In summary, the green-MED diet induced changes in the gut microbiome during the weight loss phase, which helped participants avoid regaining weight, and losing all the metabolic benefits associated with weight loss.
Given the well-established correlation between poor metabolic health and greater risk of cognitive decline, a logical step for the DIRECT-PLUS research team was to measure the impact of each intervention on brain aging. Our brains naturally atrophy (decrease in volume) as we get older, but those with the greatest loss of brain volume experience the most significant loss of cognitive function. Previous research found that people with a high degree of adherence to a Mediterranean diet pattern had reduced brain atrophy, such that their brain volumes were like those of people five years younger than them. Could the green-MED diet achieve even better results?

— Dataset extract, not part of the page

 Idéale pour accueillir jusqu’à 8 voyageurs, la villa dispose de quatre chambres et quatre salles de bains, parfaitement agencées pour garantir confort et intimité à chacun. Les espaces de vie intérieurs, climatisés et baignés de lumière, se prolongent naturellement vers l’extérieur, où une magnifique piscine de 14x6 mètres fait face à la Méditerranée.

Participants in the DIRECT-PLUS trial underwent brain MRI scans at baseline, and after 18 months on their assigned intervention. Predictably, individuals over the age of 50 had more brain atrophy at the 18 month mark than younger participants. However, age-associated adverse changes in brain volume (namely, a decrease in hippocampal occupancy score [HOC], an index of the size of the hippocampus region of the brain which plays a vital role in memory and learning; and an increase in the lateral ventricle volume [LVV] expansion score, a proxy for brain tissue loss) were attenuated in participants assigned to either version of the Mediterranean diet, with the best outcomes in the green-MED group. When looking at the figures below, keep in mind that healthier brain aging means less reduction in HOC (or even an increase in HOC) and less increase in LVV:

Those whose insulin sensitivity had improved the most over the course of the study, whose blood pressure and LDL cholesterol had declined the most, and who had lost the most weight and waist circumference, had the least brain atrophy. Greater intake of Mankai, green tea, and walnuts and less red and processed meat consumption were all significantly and independently associated with reduced brain atrophy; in fact, people who consumed the most Mankai had a slight increase in HOC.

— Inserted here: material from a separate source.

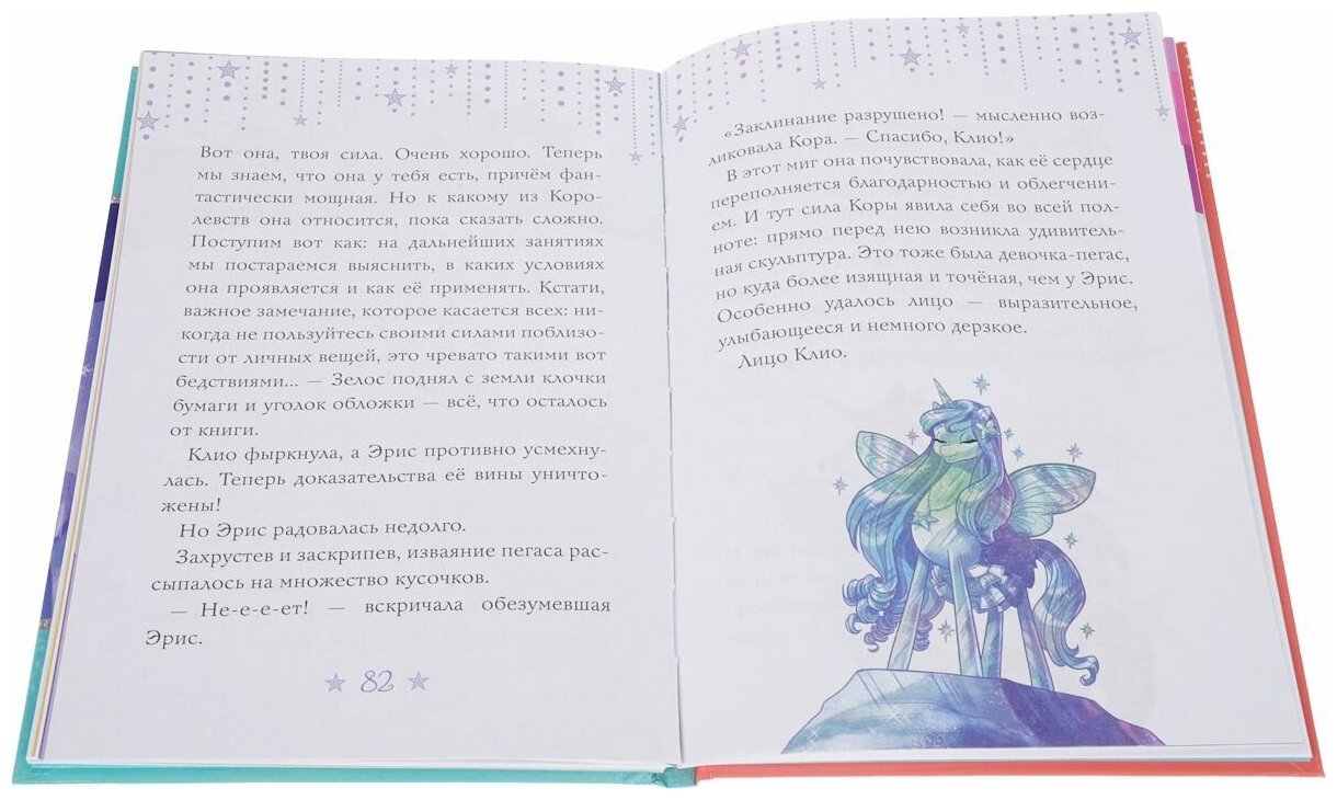 Далеко среди звезд сияет золотистым светом планета Аура. Населяют эту планету крылатые кони, пегасы. Среди них есть Мелоди — девочки-пегасы, которые рождаются с удивительным символом на крыльях и наделены скрытой до поры волшебной силой. В четырнадцать лет каждая Мелоди отправляется в легендарную школу Дестини, парящую среди облаков. Там девочки-пегасы учатся пользоваться волшебной силой и постигают своё предназначение… У первоклассниц наконец-то начинаются уроки по видам сил! Юным Мелоди предстоит разобраться в своих волшебных способностях. Девочки-пегасы расходятся по башням своих Королевств, ведь волшебная сила Мелоди всегда связана с её родиной. Кому-то предстоит создавать из воздуха снежинки, кому-то — благоухающие примулы. Только куда же податься Клио? Она-то не знает, где родилась и понятия не имеет, в чем её волшебный дар. Остаётся только ходить на уроки с одноклассницами из всех четырёх Королевств и ждать, когда же проявятся её загадочные способности…

Supplementary Figure 5: Change in hippocampal occupancy score by meat consumption. From ‘The effect of a high-polyphenol Mediterranean diet (Green-MED) combined with physical activity on age-related brain atrophy: the Dietary Intervention Randomized Controlled Trial Polyphenols Unprocessed Study (DIRECT PLUS)‘.

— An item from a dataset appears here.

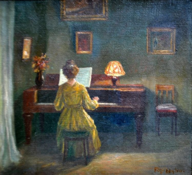 Friis Nybo, Poul (1869 - 1929) Denmark: Woman playing the piano.

The latest publication by the DIRECT-PLUS team contains an analysis of the participants’ proteomes (i.e. the set of proteins expressed in their bodies), before and after the 18-month diet and exercise intervention. At baseline, they found that higher levels of two proteins, Galectin-9 (Gal-9) and Decorin (DCN), were associated with accelerated brain aging. Gal-9 induces the release of proinflammatory cytokines, both throughout the body and in the brain, leading to increased production of cytokines such as interleukin-6 (IL-6) which is known to exacerbate neurodegeneration in Alzheimer’s disease. Higher levels of DCN in cerebrospinal fluid are associated with the early stages of amyloid-beta (Aβ) pathology, which plays a central role in the development of Alzheimer’s.
By the end of the trial, Gal-9 had significantly decreased among individuals whose brains had aged the least, while DCN significantly increased among those whose brains aged the most. Participants assigned to the green-MED diet significantly decreased Gal-9 compared to their own baseline measures, and compared to the healthy diet guidelines group. Changes in DCN levels failed to reach statistical significance:

Both drinking four cups of green tea per day, and eating seven portions of walnuts per week, were significantly associated with a reduction in Gal-9 levels.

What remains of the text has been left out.